A certain specialisation is necessary, as the automotive sector has become highly complex in both technological and organisational terms, and it is not possible to go into all of the drive components in detail during the three-semester master’s course. “However, in our degree course we teach the required control technology skills and the methods for developing such complex systems, for example in the ‘System Design’, ‘Simulation and Control’ or ‘Powertrain’ modules,” Professor Schindler explains and goes on to say that it is also no longer sufficient for an engineer to master just his or her subsystem or components. “Instead he must be able to define interfaces with other subsystems precisely, to assess possible interactions and to gain a feeling for the function of the overall system of the ‘automobile’,” the specialist for vehicle dynamics, active safety, chassis technology and vehicle control systems .

Can you explain any industry related projects that you are working on?

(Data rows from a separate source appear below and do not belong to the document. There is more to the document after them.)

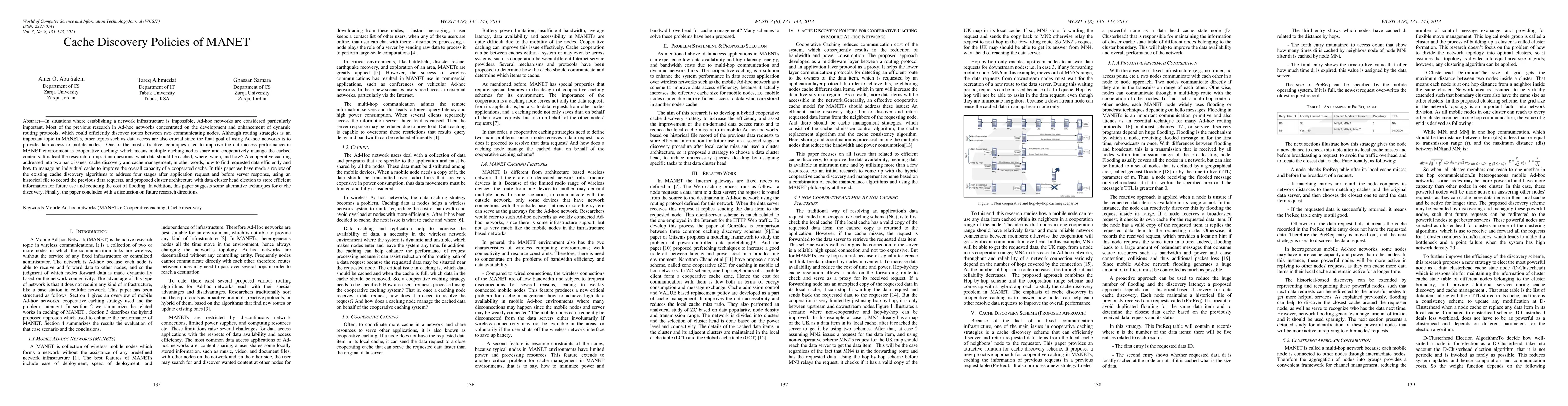 This paper reviews existing cache discovery algorithms in MANETs, focusing on cooperative caching to enhance data access. It proposes a cluster-based architecture with elected data cluster heads to efficiently manage cached data and reduce the cost of flooding, along with alternative techniques for cache discovery, and discusses future research directions.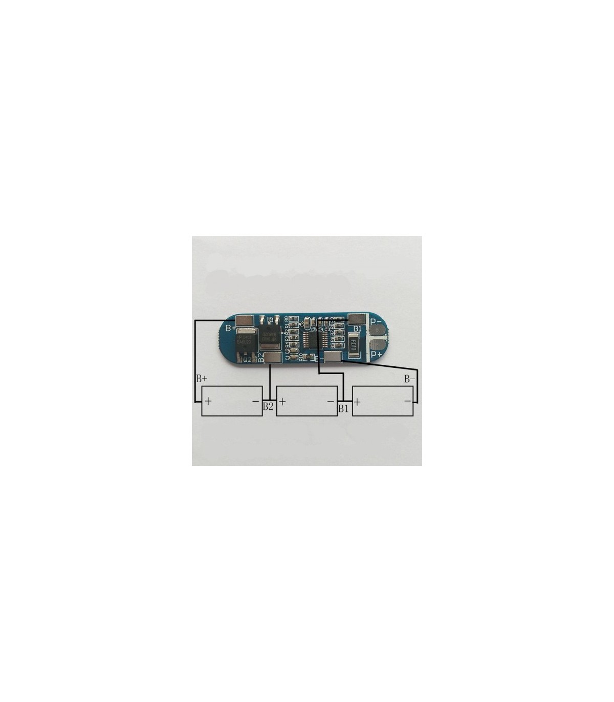 Контролер заряду розряду 3хLi-Ion 18650 12.6V 15A. Технічні характеристики Максимальний струм розряду: 15 А Максимальна напруга при зарядці: 4.25 В ± 0.025 В Перевантаження напруги: 4,35 ± 0,05 В Мінімальна напруга при розрядці: 2.75 В ± 0. 1 В Діапазон напруг на виході: 8.25-12.6 В Розмір: 50х16 мм Функції: захист від перезарядження, захист від перевантаження, захист від короткого замикання Підключення B +, B- пов'язано з акуммулятор (акуммулятор паралельно спаяними) 18650 P +, P- пов'язано з джерелом заряду і розряду
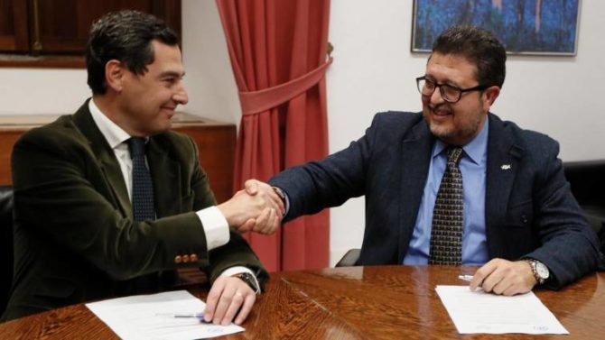 Después de la firma del pacto entre Partido Popular y Ciudadanos por el que el partido naranja hará presidente a Juan Manuel Moreno Bonilla y el líder de Cs en Andalucía será vicepresidente autonómico, ha llegado el acuerdo a dos entre PP y Vox para apoyar la candidatura de Juanma Moreno. Un acuerdo del que Ciudadanos se desvincula totalmente y justifica que “en ningún momento podrían vincular al Gobierno de la Junta ni al pacto de 90 medidas” al partido que dirige Santiago Abascal.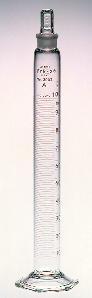 PYREX* Serialized/Certified, Class A, Single Metric Scale Graduated Cylinders with PYREX Stopper^ 50ml cylinder is useful as a mixing cylinder. Graduations are in 1ml increments and are marked in white enamel. Size 16 stopper included. In accordance with ASTM E1272 and E542. NIST traceable. 255mm.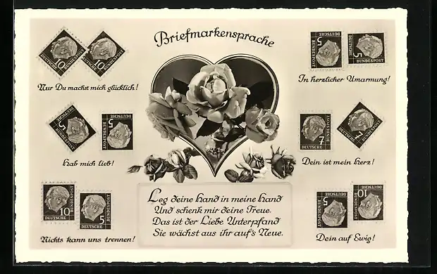 AK Briefmarkensprache, Nur Du machst mich glücklich!, Rosen

Basti Anil Shenoy is working in “Advance Engineering” as part of a cooperation with Bosch, and is currently writing his master’s thesis. In order to be able to build the cars of the future, he is dealing with simulations, for example when software for control units has to be tested in a motor vehicle. “At Bosch I have a suitable simulation environment with an entire vehicle at my disposal.” Systems developers have to communicate It is not only technical skills that are required, however. “Today systems developers have to communicate far more,” Professor Schindler continues. Lectures such as “Global Engineering” or “International Negotiations” and interdisciplinary and intercultural projects therefore impart management skills and social competence. Basti Anil Shenoy’s good German language skills helped him to find his way at Bosch: “Even though English is the working language in international teams, I made the experience that German is very important if you want to work in a German firm.”

Plans for the future?

His plans for the future? “First I want to work in Germany for a few more years and gather occupational experience, as Germany is the world leader in automotive engineering. In about five years’ time I’ll go back to India and work there,” the young engineer tells us. In reply to the question about what kind of car he will buy himself one day, he says, quite concisely: “A German car, I think.”